There are also problems with browsers. There are 2 primary browsers used by users of the World Wide Web: Internet Explorer and Netscape Navigator. Each of these browsers can display the browser pages they process in different ways, especially if they include sophisticated facilities of HTML.

There is also a more issue with browsers which ares more significant than the one specificed in the previous paragraph. Networking technologies are now being utilized in conjunction with other technologies such as those connected with mobile phone technology and tv. This has actually lead to the emergence of a variety of different markup languages which are concentrated on specific devices, for instance there is a markup language called WML (Wireless Markup Language) which is used to show files on Internet mobile phones. The diversity of such languages indicates that the overhead in preserving a number of versions of a file for various media can be huge.

Gladly a technology has actually been developed referred to as XML which can be utilized to indicate structure in a file. There are also a number of tools available which permit the developer to keep a single version of a document revealed in a language specified by XML and easily convert it into a type that can be displayed on a variety of media consisting of television, Internet phones and a variety of World Wide Web browsers.

 

Transactional Issues

A dispersed transaction is a sequence of operations applied to a variety of dispersed databases which form a single functional step. For instance, a deal which moves a quantity of cash from a customer’s account to an account owned by the same customer is an example of a transaction. It consists of two operations: the operation of debiting one account and the operation of crediting another account. There are a number of issues associated with dispersed deals. This is the issue of deadlock: that a transaction applied at one server might be awaiting data which is currently consisted of on another server, with the other server waiting for some resource that is held on the first server.
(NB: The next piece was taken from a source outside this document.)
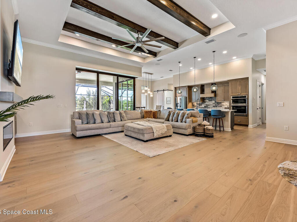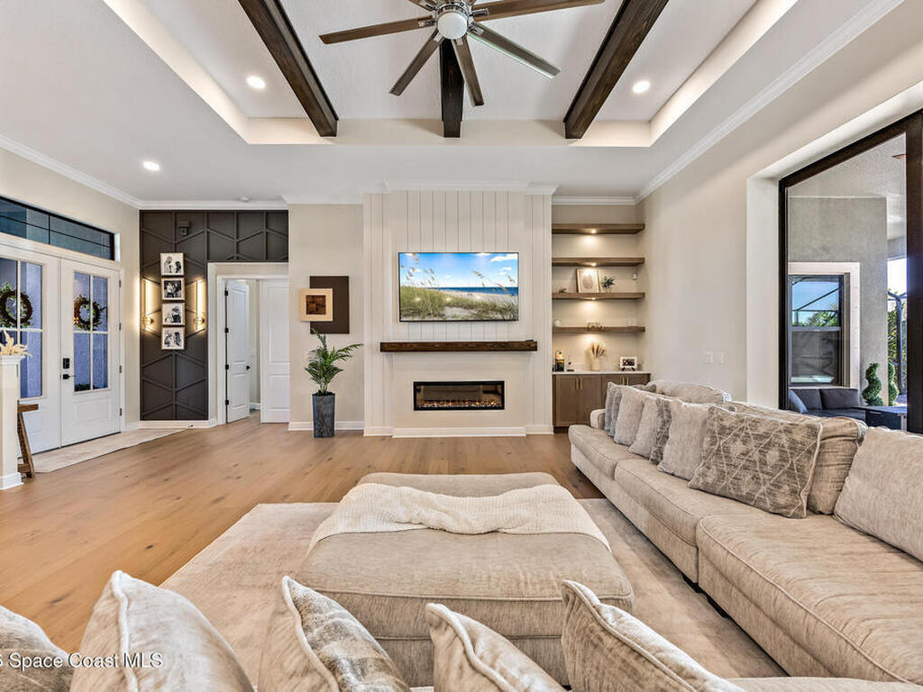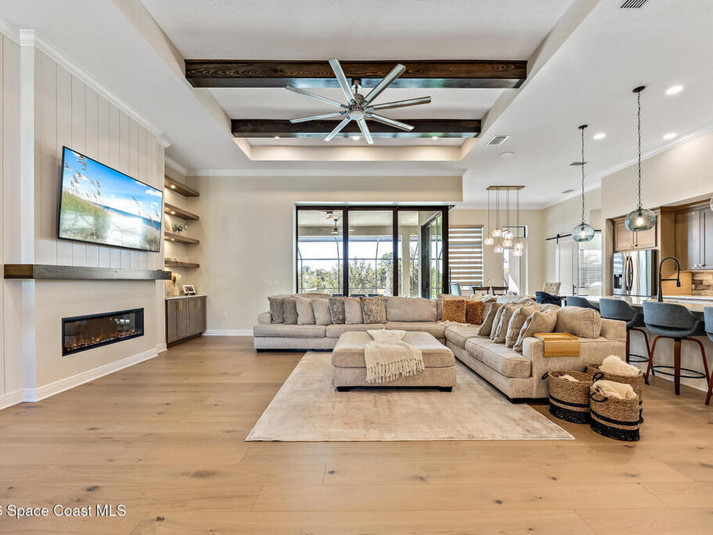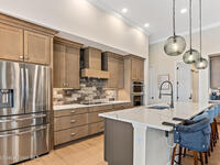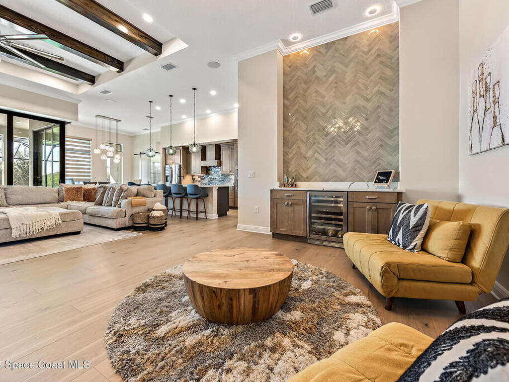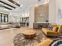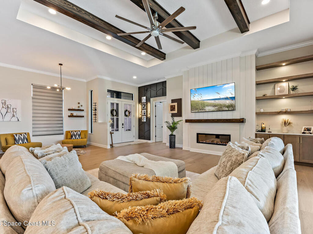 Step into modern luxury in this stunning 2023-built 4 bedroom, 3 bath home, thoughtfully designed for today's lifestyle. From the moment you arrive, you'll notice the attention to detail--the expansive living area showcases soaring 12 Foot ceilings, a custom fireplace wall with accent shelving, decorative feature walls, and built-in lighting, along with tray ceilings and wood beams in both the living room and primary suite. A beautifully appointed custom bar and sitting area adds another layer of luxury with a decorative tile wall, custom cabinetry, and Level 3 quartz--perfect for entertaining guests in style. Inside, the home delivers an impressive blend of style and functionality with 8' doors throughout, wood flooring in main areas, and custom tile in all wet spaces. The heart of the home is the chef's kitchen, featuring custom designed cabinetry, built-in stainless steel appliances,

For example, the first server may consist of the account data that the second server needs to finish a deal, while the second server may need other account data for it to proceed.

 

Design

Creating a dispersed system can also be an issue, for example the fact that computers in a distributed system are signed up with by communication media which can stretch over thousands of miles offers an included dimension to the design process because response time can be an issue. Another, equally severe problem is that of dependability, for example that a hardware breakdown can lower a poorly-designed distributed system.
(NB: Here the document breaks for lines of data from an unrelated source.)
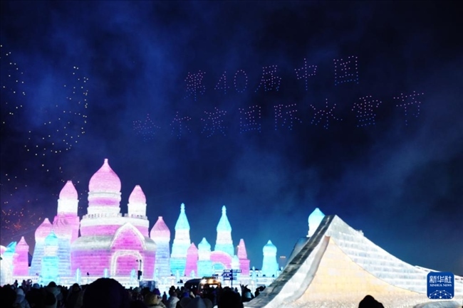 1月5日,在哈爾濱冰雪大世界園區(qū),游客在觀看哈爾濱國際冰雪節(jié)開幕式上的無人機(jī)表演。當(dāng)日,第40屆中國·哈爾濱國際冰雪節(jié)開幕,吸引眾多游客。新華社記者 王建威 攝
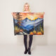 Watercolor of sunrise over snow covered mountains fleece blanket
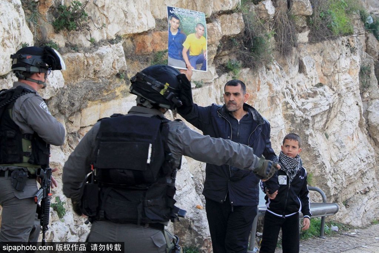 当地时间2015年12月26日,以色列耶路撒冷,巴勒斯坦民众在大马士革门外举行抗议活动,以色列安全部队驱散抗议者。(图片来源:希帕中国)
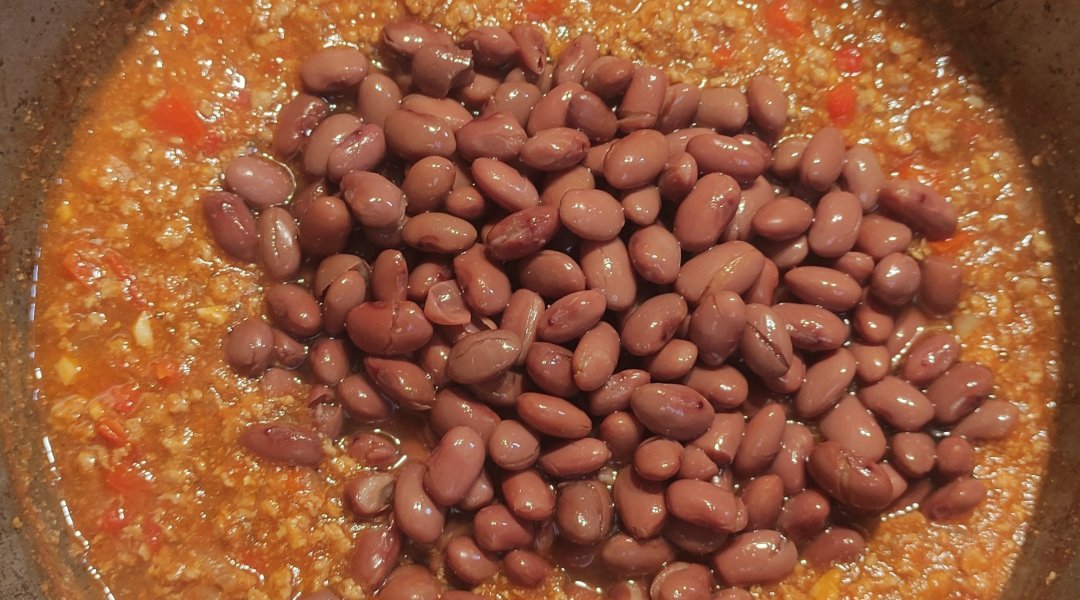 Добавляем промытую фасоль и ещё тушим 10 минут. Затем выключаем

As an example of one design issue that a distributed systems developer has to deal with consider that of duplicated data. A duplicated database is a database which exists in the exact same type at a number of points in a dispersed system. There are 2 reasons for having replicated databases: the very first is reliability. When a system consists of a variety of duplicated databases and among them becomes not available – perhaps because of a hardware fault – another database can take over its role. The second factor is to improve response time. A designer of a distributed system will try and place a database close to its users, typically linked via a quick local area network. Often the original database that is made use of is a long distance away and can only be accessed by means of slow Internet cables; hence duplicating the database and placing it near the users typically leads to a large decrease in response time.

However, using duplication comes at a cost: each replicated database needs to keep up-to-date data and will need to coordinate with other databases in order to do this; this gives rise to synchronization traffic over the network which supports the databases, and can result in an extremely slow response time. Creating for data duplication, where the quantity of duplication and the location of the reproduced data is such that response time is decreased, but traffic is not increased to the point where all the gains are nullified, is an art.